Невидимка с Фэрриерс-лейн
Шрифт:
– Я уже сказал вам, сэр, что не двигал, – яростно отвечал Гоббс. – Он стоит точно там, где стоял, когда я сюда вселился. Вы хотите, чтобы я присягнул? Извольте.
Питт поднялся.
– Нет, спасибо; думаю, это необязательно. Но если такая необходимость возникнет, я снова приду к вам и попрошу в этом поклясться.
– Зачем? Что это значит? – Гоббс побледнел от волнения и страха.
– Это значит, что полицейский Патерсон подвинул этот предмет обстановки, чтобы влезть на него и снять люстру, потом захлестнуть на крючке петлю и прыгнуть вниз.
– То есть так заставил его сделать убийца? – захлебнулся
– Нет, мистер Гоббс, – поправил его Питт. – Я хочу сказать, что Патерсон сам убил себя, когда понял, что он сделал с Аароном Годменом. Когда он понял, что позволил своему ужасу и страху ослепить себя, что пренебрег честью и справедливостью. Патерсон не только сделал ложный вывод: он пришел к нему бесчестными средствами. Он не слушал, что говорит продавщица цветов; он сам решил, что и как произошло, и заставил ее принять его версию. Он так был уверен в своей правоте, что оказал давление на судопроизводство и его конечный результат, – и ошибся.
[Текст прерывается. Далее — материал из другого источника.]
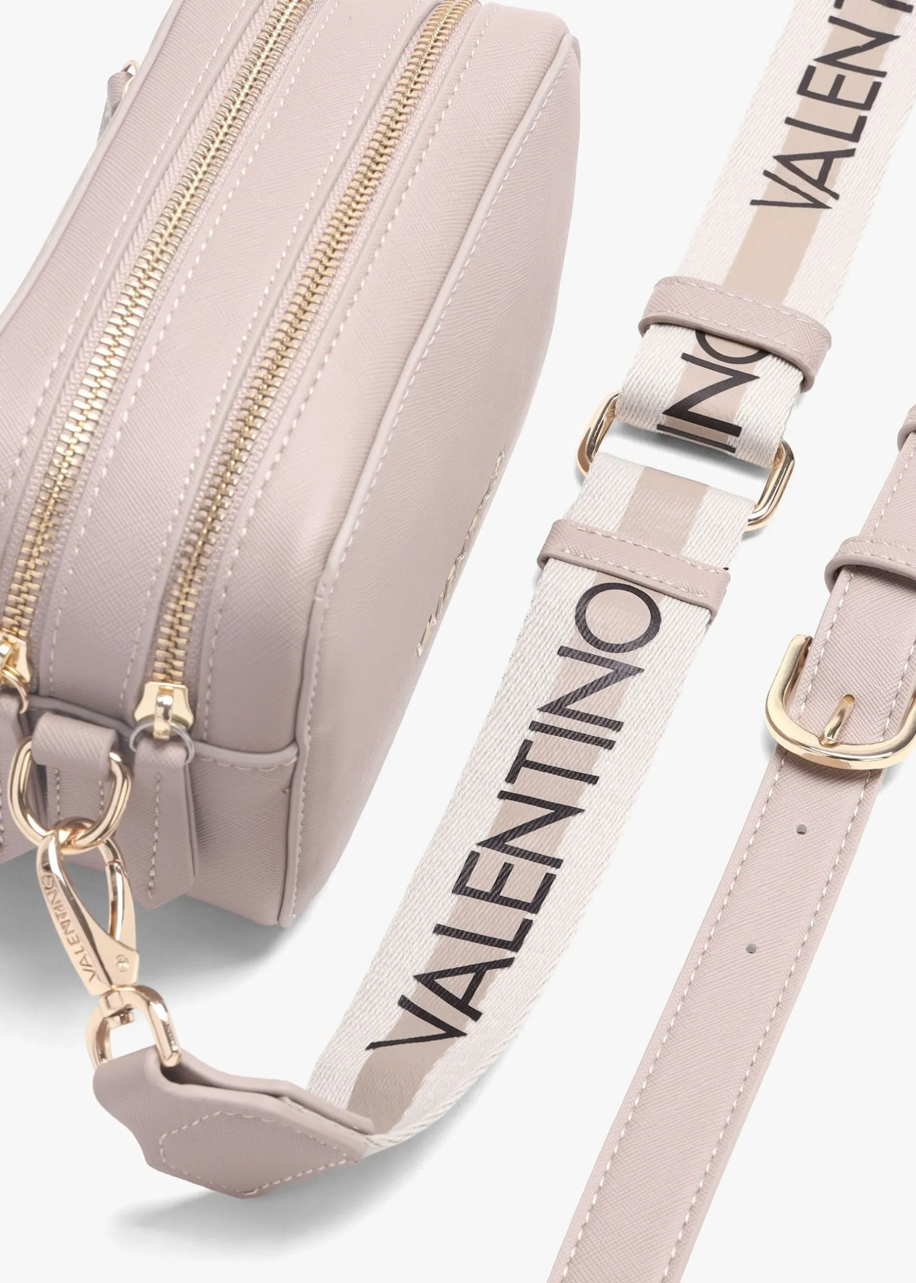 The ‘Zero’ camera bag from Valentino Bags eco-friendly collection is the perfect everyday style. Crafted from premium textured PU made from part recycled materials with polished gold tone hardware. The secure double top zip fastening compartments reveal handy inner zip and slot pockets, exterior zip pocket also features. Carry by either of the detachable straps. Signature Valentino Bags branding is seen throughout.

– Перестаньте! – Гоббс сильно разволновался. – Я ничего не хочу слышать. Это все просто ужасно! Я знаю, о чем вы говорите, – об убийстве на Фэрриерс-лейн. Я помню, что тогда повесили Годмена. Но если то, что вы говорите, правда, тогда, значит, никому из нас не на что надеяться? Но этого не может быть! Годмена судили и признали виновным, все судьи были единогласны. Вы наверняка ошибаетесь… – В ярости и ужасе он стал ломать руки. – Они ведь еще не осудили Харримора и не осудят, вот увидите. Британская юстиция лучшая в мире. Я уверен в этом, сколько бы вы это ни отрицали.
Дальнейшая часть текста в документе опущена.